Quick answer: Event volatility is the portion of an option's implied volatility attributable to a single scheduled event — such as an RBI decision or the Union Budget — isolated by treating total variance as the sum of an ordinary diffusive component and a concentrated one-day event component.
In simple words
An option that spans a big scheduled event is really charging for two different things at once: the ordinary, everyday wobble of the market on all the normal days, plus one extraordinary day when the announcement lands. Event volatility is a way of separating those two charges. Because variance — volatility squared, times time — simply adds up across independent days, you can subtract the ordinary background wobble from the option's total and be left with the piece that belongs to the event alone. Do that and you can answer a genuinely useful question: how big a one-day move is the market actually pricing for budget day, or for the RBI decision?
This matters because the headline implied volatility on an option that contains an event is misleadingly high — it is blending a normal market with one special day. If you compare that inflated number to a normal level and conclude 'volatility is high', you have missed that almost all the excess is one dated event that will resolve and crush. Splitting it out tells you how much of the premium is the event, and therefore how much will disappear the moment the event passes.
The picture
One expiry carries the event; the others dilute it
At-the-money implied volatility across expiries bracketing a scheduled event date.
Professional explanation
Variance adds; volatility does not
The entire method rests on one property: variance is additive across independent time periods, while volatility — its square root — is not. If ordinary days each contribute their own variance and the event day contributes a much larger one, the total variance over the option's life is simply their sum. This is why you cannot just subtract a normal volatility from an event volatility and get anything meaningful — you have to work in variance, add and subtract there, and only take the square root at the end. Every mistake people make decomposing event volatility comes from doing the arithmetic in volatility units instead of variance units, and the correction is always the same: square first, subtract, then square-root.

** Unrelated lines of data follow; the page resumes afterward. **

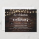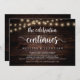 The celebration continues, Wedding Elopement Announcement / Invitation card, in Rustic farm Wood, String Lights design. This is perfect for your wedding reception and post-wedding celebration party. Add your details in matching font / lettering.
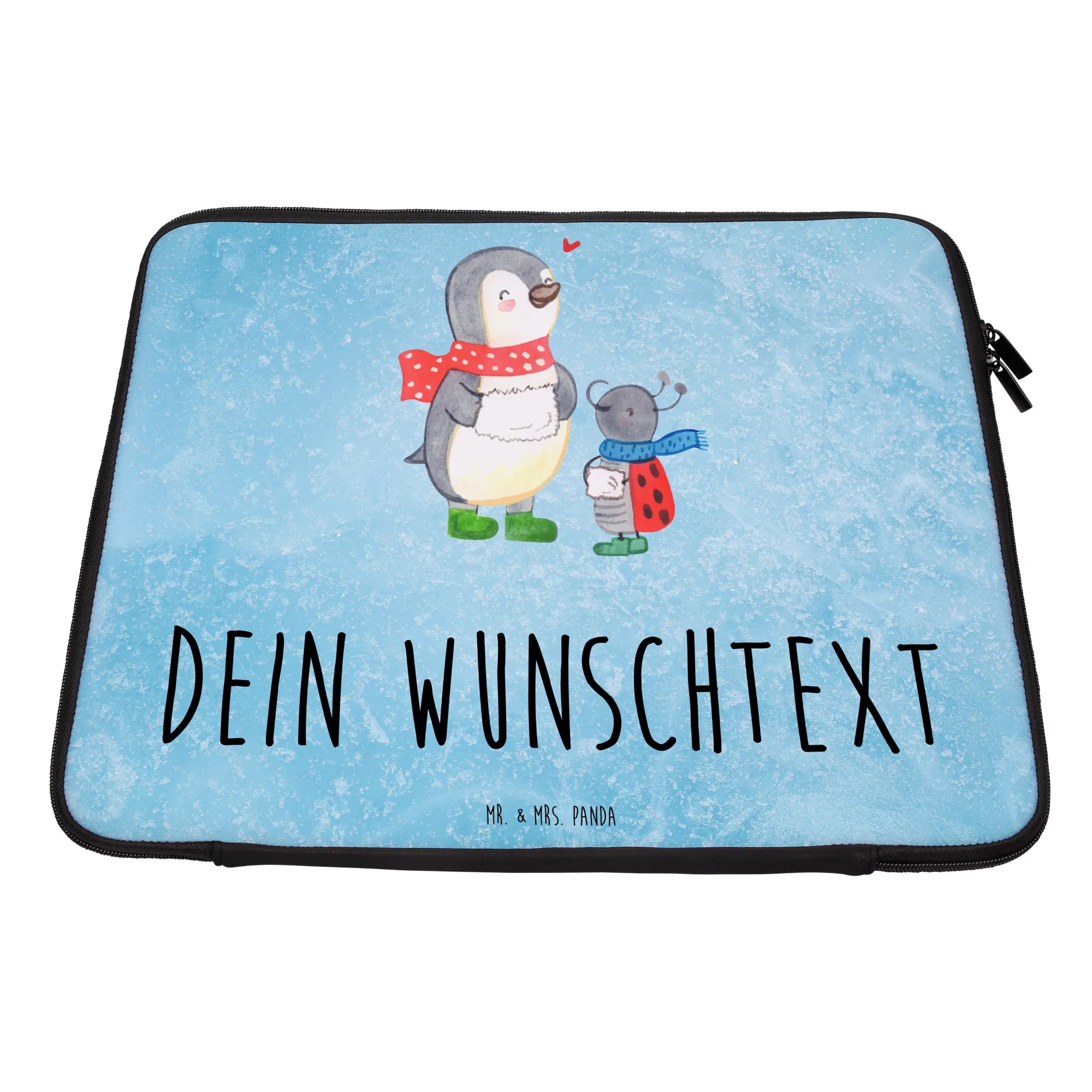 Die personalisierte Notebook Tasche 'Smörle Winterzeit' von Mr. & Mrs. Panda ist das perfekte Geschenk für die schönste Zeit des Jahres! Mit einem liebevoll gestalteten Motiv, das einen fröhlichen Pinguin und einen niedlichen Marienkäfer zeigt, zaubert diese Tasche jedem ein Lächeln ins Gesicht.
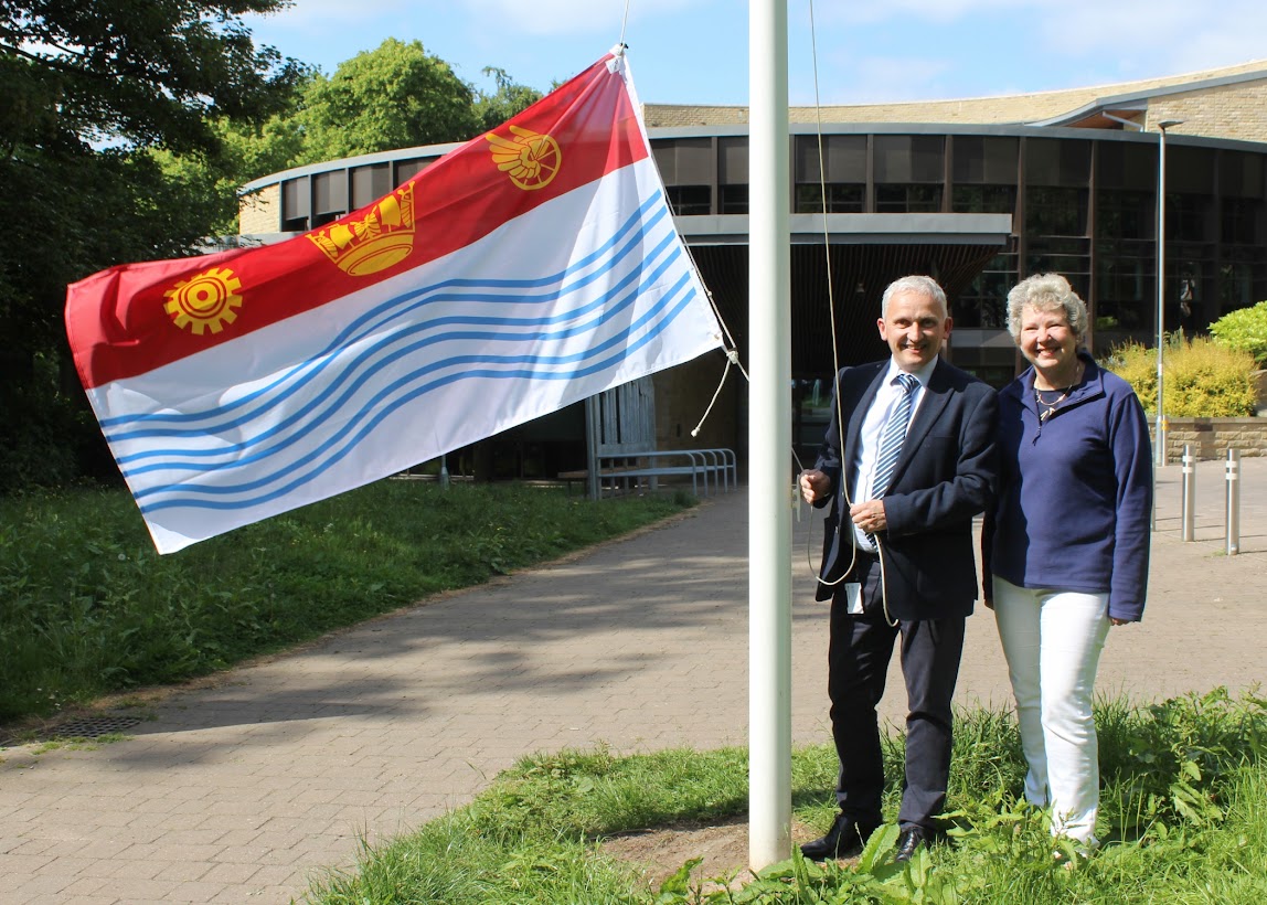 Charter Mayor Michael Harrison and HIP Trustee Mary Andronowski with the Barrie flag outside the Civic Centre offices in Harrogate.
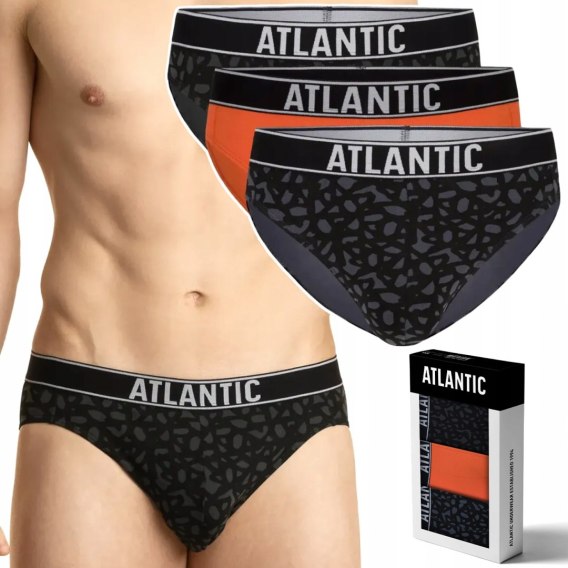 ⭐ Atlantic 151 to trzypak dopasowanych slipów w kolorach: czarnym, pomarańczowym i grafitowym.

The decomposition, stated properly
Write the total implied variance of the event-containing expiry as its diffusive part plus its event part: σ²_total × T = σ²_diffusive × (T − 1/365) + σ²_event × (1/365). The left side is the total variance the option's implied volatility implies over its life T. The first term on the right is the ordinary market variance accumulated over every day except the event day. The second term is the entire contribution of the single event day, which occupies 1/365 of a year. Rearranging gives σ²_event directly: σ²_event = [σ²_total × T − σ²_diffusive × (T − 1/365)] × 365. Every symbol here has to be defined and kept straight, because the whole result is only as trustworthy as the diffusive baseline you assume for the non-event days.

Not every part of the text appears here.